Tratto da: Adista Contesti n° 7 del 29/01/2011

Tratto dal settimanale Brasil de fato 3 gennaio 201. Titolo originale “As frágeis mulheres fortes de Israel”

Sei benevolo, Signore eterno, Dio nostro, Re del Mondo che non mi hai fatto donna”. Ogni mattina numerose ebrei praticanti ringraziano Dio nella loro preghiera di Adom Olam per averli salvati dalla schiavitù, evitato che cadessero nell’idolatria e salvati dallo stigma di essere donna, questi esseri sottomessi la cui unica funzione sulla terra è generare nuovi figli del popolo eletto.

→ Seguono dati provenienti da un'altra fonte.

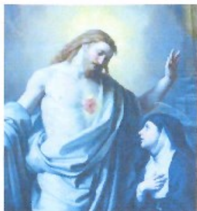
St. Margaret Mary Alacoque 1647-1690 Memorial - 16 October

Sponsored by St. Margaret's Knights of Columbus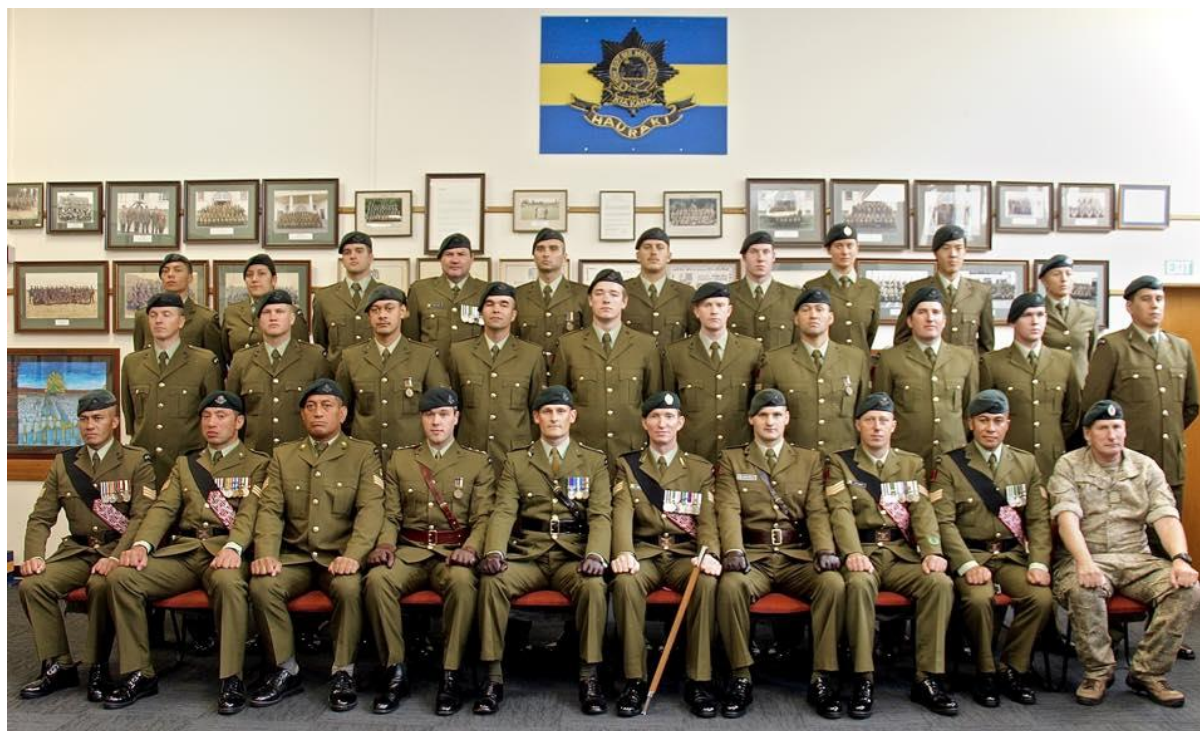
Hauraki Company at Leadership Training Course in Tauranga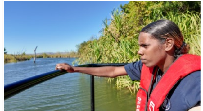
World Female Ranger Week at DBCA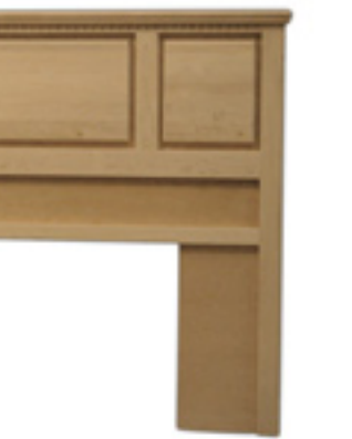
LM_1050/Q/XT Queen Headboard Xtra tall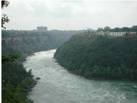
Niagara Falls is uniquely positioned within the Bi-national Region. It must leverage its assets to promote more cross-border tourism and shopping.

recognizing the importance of cross-border commerce and collaboration. Through cross-border collaboration between agencies the City can better position its unique natural and economic assets and benefit from its bi-national geographic circumstance.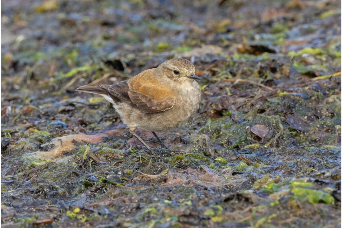
Austral Negrito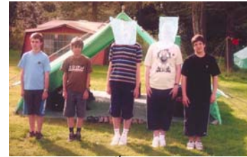
2 nd Bovey Tracey / 1 st South Molton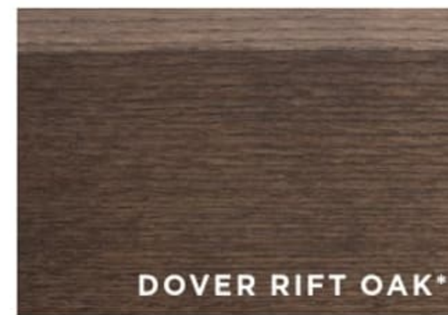
DOVER RIFT OAK*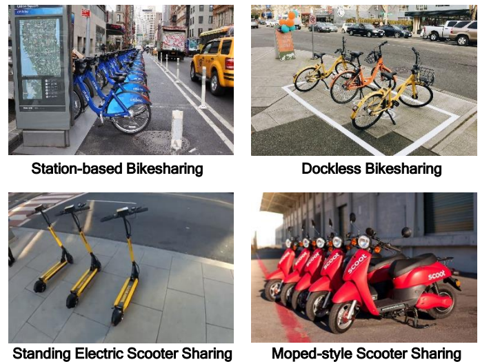
FIGURE 1.1 COMMON TYPES OF SHARED MICROMOBILITY SERVICES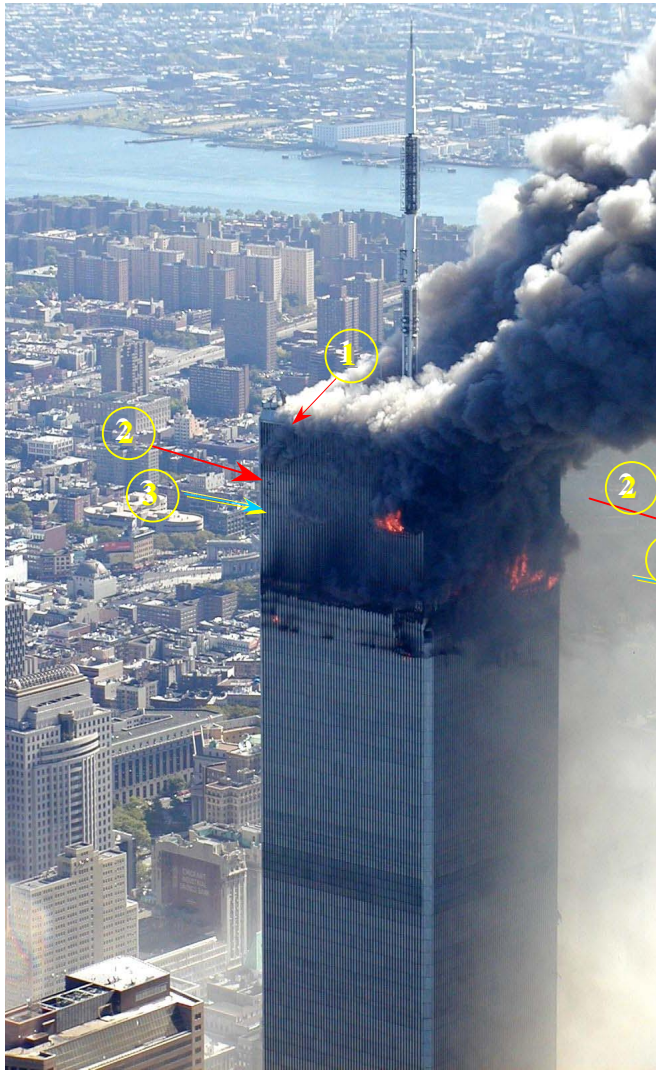
Figure 69. GJS-WTC026.jpg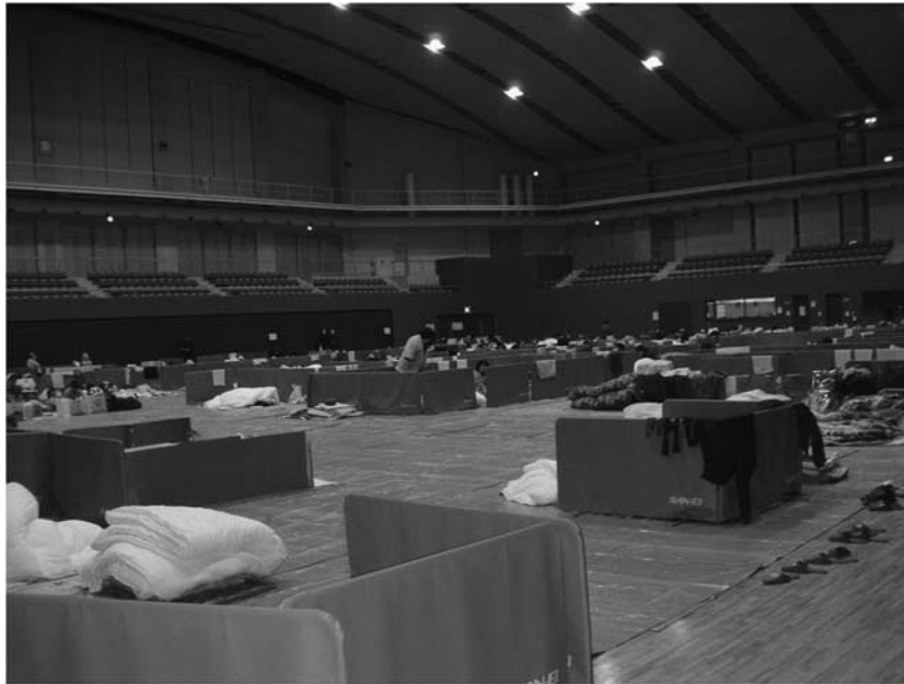
Evacuees Were Housed in the Main Arena of the Main Building.

isolation room in the Kyudo-jo. Subsequently, we started to triage all febrile patients. By the next day (March 23), which was our last day in charge of the facility, the situation had worsened. We were informed by a physician who worked overnight that another 4 patients were positive for influenza A and had been treated and isolated in the Kyudo-jo.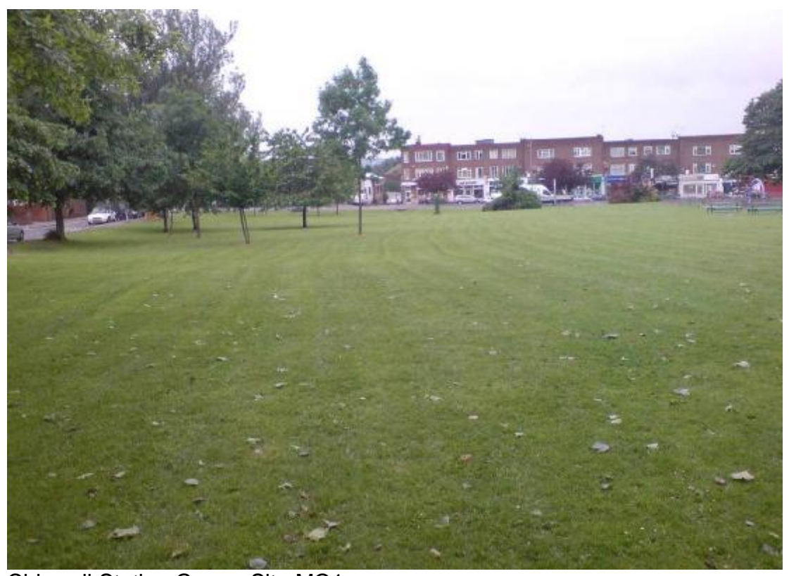
Chigwell Station Green, Site MO1

10.1 Further to the seating and litter bins provided in the playground itself, two picnic tables are provided just to the south of the site, as well as an additional litter bin to the south west. The site has benefitted from the installation of two additional litter bins by the picnic tables, as there is often a significant amount of litter present there. There is a dog waste bin present on the site, although it has been placed on the fencing of the playground. This raises a potential risk of the danger of dogs and young children coming into close contact with each other.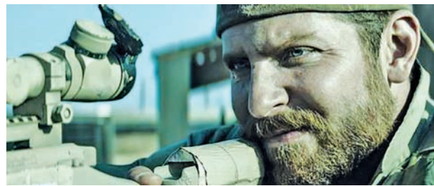
Bradley Cooper stars in “American Sniper.”

“Paddington” was released by The Weinstein Company. “Taken 3” was distributed by Fox, a unit of Twenty-first Century Fox. “Selma” was distributed by Paramount Pictures, a unit of Viacom Inc.—PTI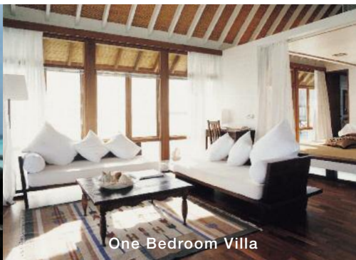
One Bedroom Villa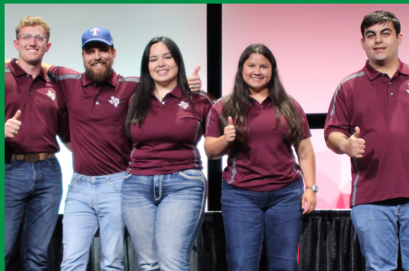
3rd Place: Texas A&M University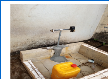
Figure 6. A typical example of one of the standpipes in Brookfields connected to the pipe network. The tap is closed after use by the people.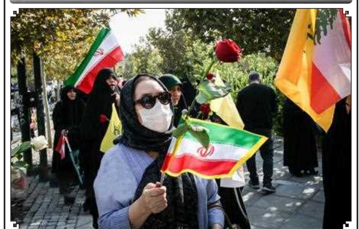
Iranian women gathered in solidarity with Lebanese people in Melat Park, Tehran on Oct.1, 2024.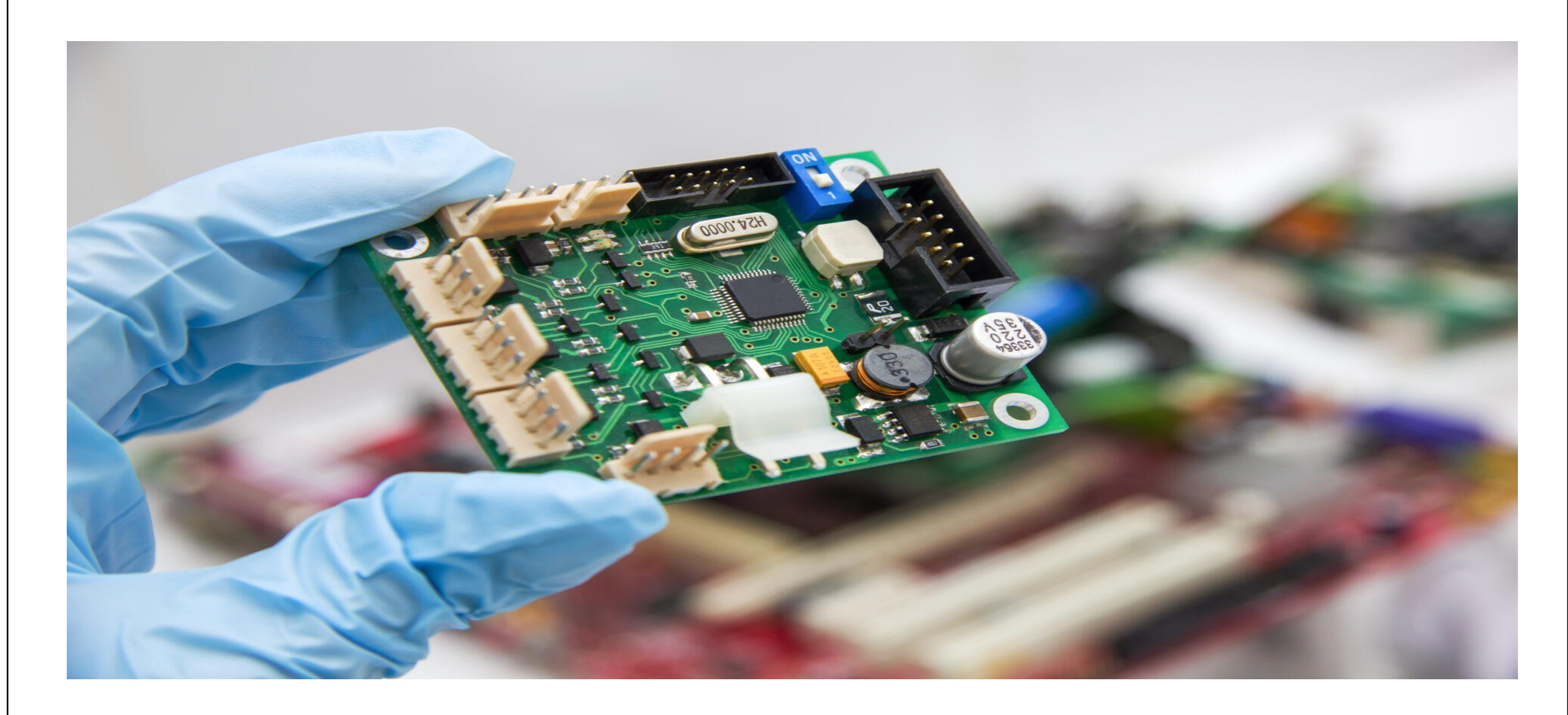
Fig 1. How a Printed Circuit Board looks like

PCBs, which stand for Printed Circuit Boards, have emerged as critical components in modern electronic devices, enabling the interconnection and functioning of complex electronic circuits. They have played a pivotal role in shaping the electronic industry, and their continuous development has facilitated the miniaturization, efficiency, and reliability of electronic devices. I will assist my Ph.D. mentor and analyze different PCBs to be constructed on a miniature camera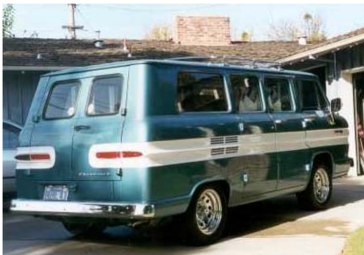
1965 Greenbrier #101242 owned by Spencer Duffy.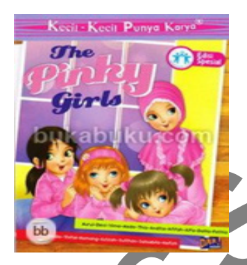
Figure 3 The Indonesian Teenage Pink Color Novels

Five pictures in Figure 3 and the three on the left side have the covers of teen lit written by young writers who are no longer teens, whereas the two on the right side are from the series Kecil-Kecil Punya Karya, written by the teenagers. All of these novels have pink color on their front covers. The titles of the three books on the right use illustrations related to the pink color. Marmut Merah Jambu (Pink Marmot) is written by Raditya Dika (male author), one of the Indonesian best-known young writer that talks about a girl with whom a boy is falling in love. Although Raditya Dika is a male, he uses the color pink to represent a girl. The two other novels that use the word "pink" as part of the title. The books talk about the things that girls like, such as cupcakes, and have the pink color. The title Pinky Girls makes the association between girls and the color pink more explicit and relational.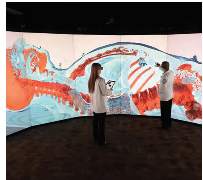
Healthcare education was just one of the applications students proposed for Rowan's Virtual Reality Center.

Non tutti gli ebrei recitano questa litania, non tutti credono fermamente che essere donna è un disonore. No. Ma è erto  che in Israele la religione si mescola tanto con la vita che finisce per diventare legge. Anche se formalmente non si è dichiarato «Stato ebraico», Israele lo è nella pratica e sono le donne che patiscono di più questa realtà. Il ritratto della donna israeliana forte, ferma, imprenditrice, capace di pilotare un caccia, svanisce acquisendo altre caratteristiche, meno visibili ma ugualmente reali: quelle della donna insultata, imprigionata dalla religione, sminuita da una società mascolina. Le fragili donne forti di Israele.

 

Machismo e matrimonio

Le donne, che sono il 51% della popolazione (poco più di 3,5milioni di persone), vedono violati i loro diritti specialmente in famiglia. Si sottomettono all’obbligo generale di sposarsi con rito religioso, giacché il matrimonio civile non è contemplato e inoltre il matrimonio si può celebrare solo con il consenso del rabbino.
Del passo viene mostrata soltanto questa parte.